By the 1990s and early 21st century, some Black Protestants began promoting a “reproductive justice” framework as an alternative to the focus on “choice” that dominated the white-led abortion rights movement. While predominant pro-choice rhetoric emphasized individual freedom, reproductive justice instead focused on health care and empowerment for the poor. In essence, it took the concerns for the poor and marginalized that Jackson had championed in his 1977 pro-life article and channeled them instead toward support for abortion availability.
Today, several major Black Protestant denominations are arrayed against the pro-life cause. Even members who still oppose abortion typically will not support pro-life politics so long as those efforts center on outlawing abortion and are coordinated through the Republican Party.

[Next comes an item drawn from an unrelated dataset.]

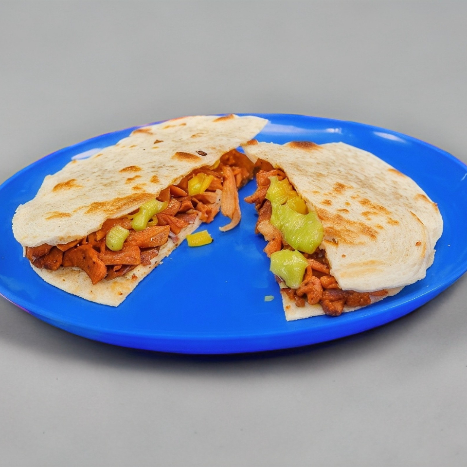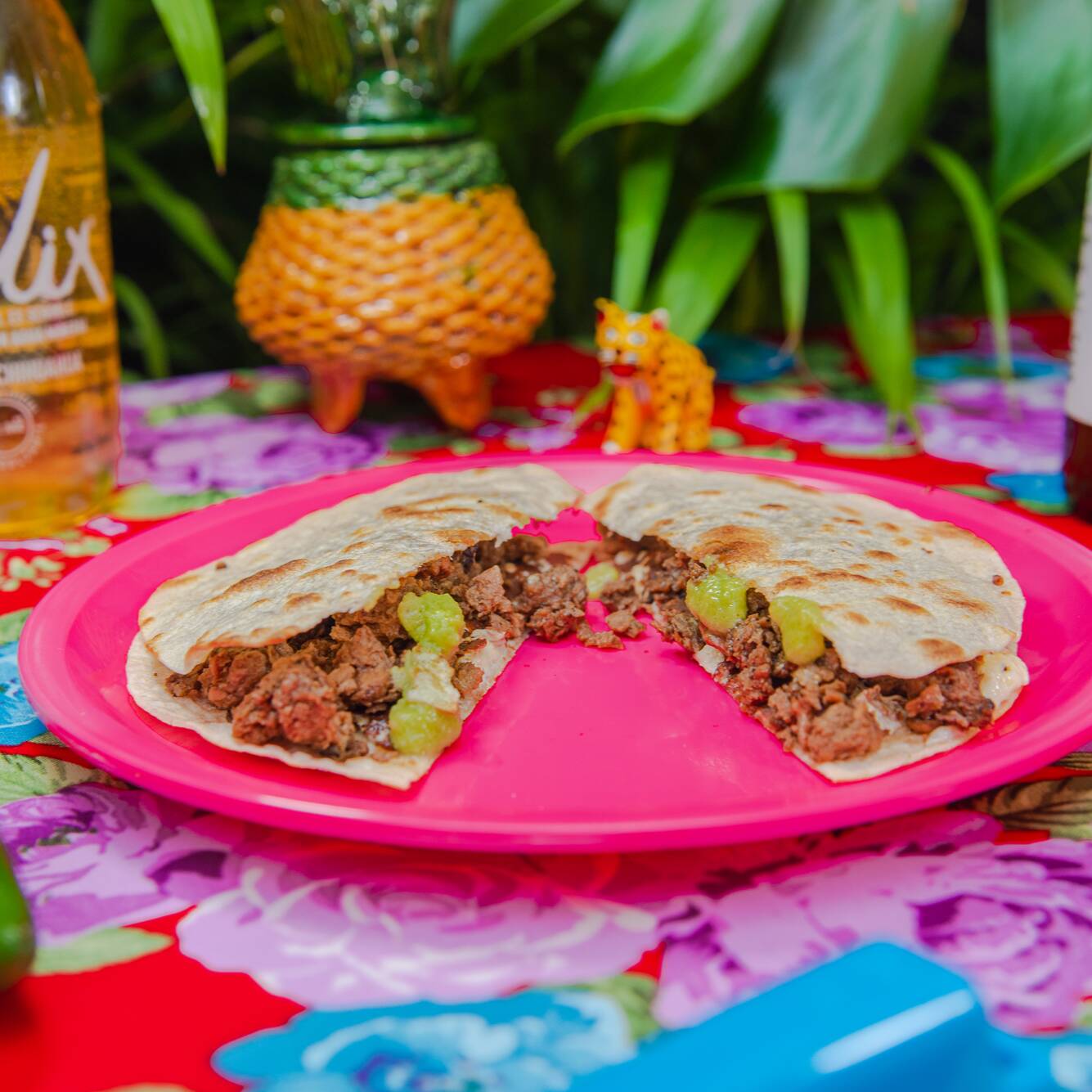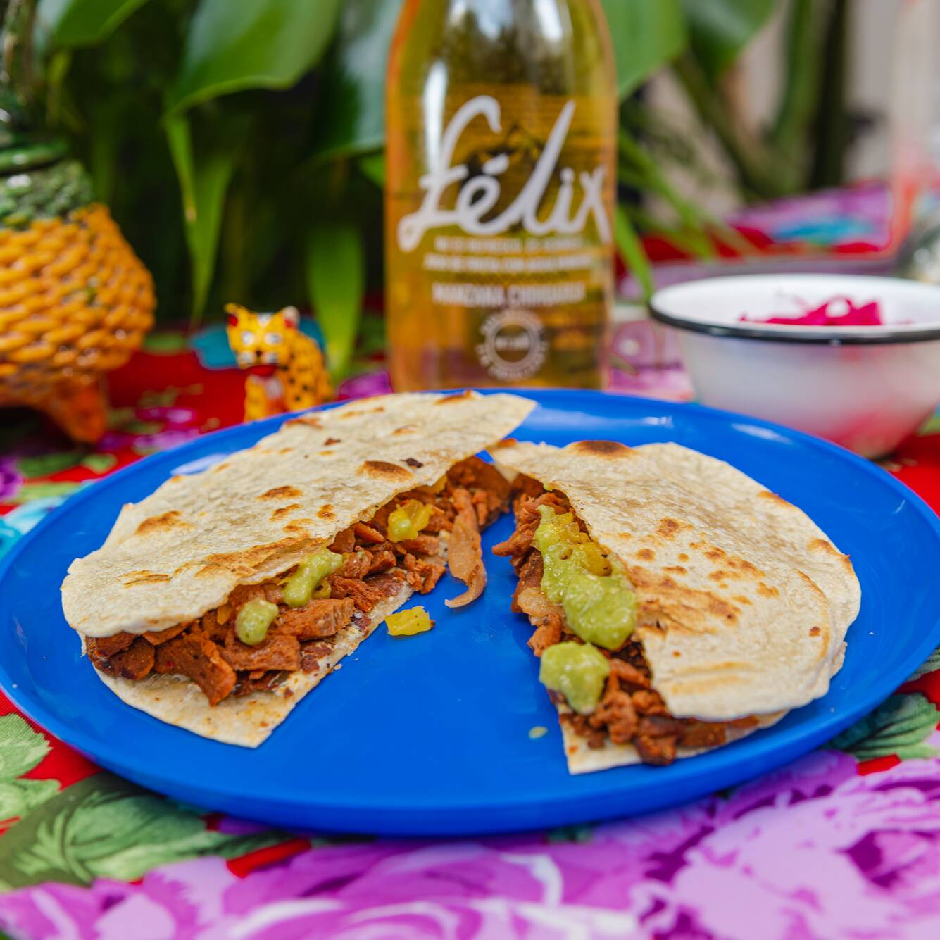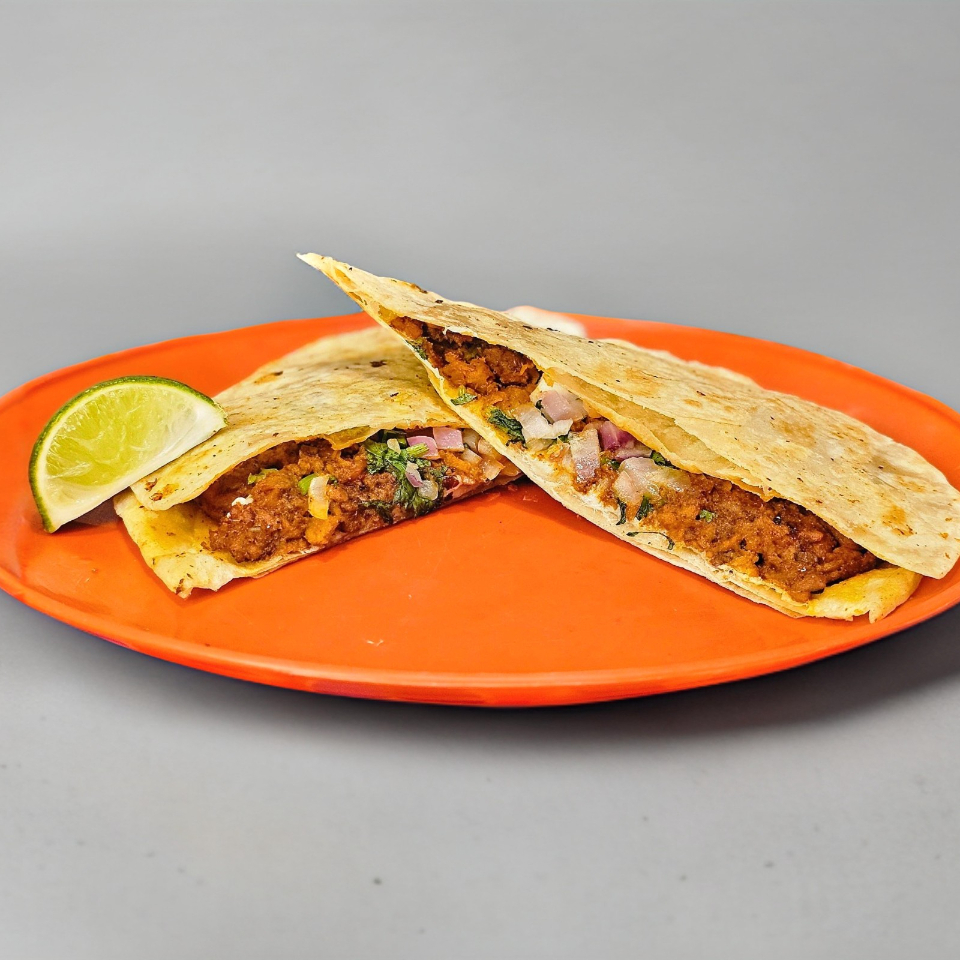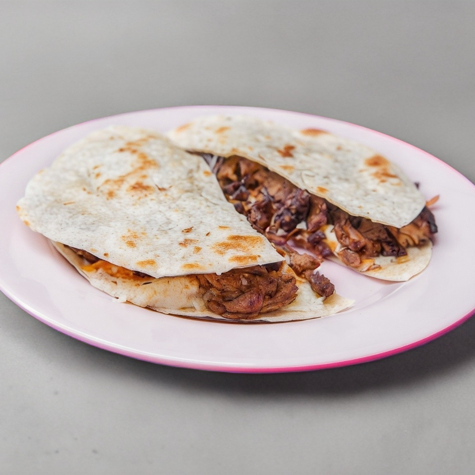 Dos tortillas de harina, queso derretido y pastor de soya.

But now there’s a new opportunity to build a multiracial coalition in defense of unborn life. The predominantly white pro-life movement achieved a major goal in the Supreme Court decision of Dobbs v. Jackson Women’s Health Organization, overturning Roe v. Wade three years ago today, launching a new era of abortion politics. Meanwhile, many younger African Americans are leaving the established Black denominations that have given such strong support to the Democratic Party and instead joining multiracial, nondenominational megachurches that are less monolithically partisan. And some Black pastors have adopted views on abortion that are a lot like the one Evans promoted: They want to defend unborn life, but they want to do so as part of a larger, “womb to tomb,” consistent life ethic that includes expanded, government-funded health care and help for women facing crisis pregnancies.
The history of American Christians’ belief and activism around abortion makes clear that there’s more than one way to frame a pro-life political theology. This is how two groups of pro-life Christians can end up in such different places on the political spectrum. For Christians eager to explore new avenues to protecting unborn life post–Roe v. Wade, this history can help us think more clearly about what kind of alliance we’re willing to make with fellow Christians who are with us on core life issues but quite distant from us politically. Will we repeat the political choices of the last century—or will we expand our alliances in the fight for life?
Daniel K. Williams is an associate professor of history at Ashland University and the author of Abortion and America’s Churches: A Religious History of “Roe v. Wade,” which will be released in October.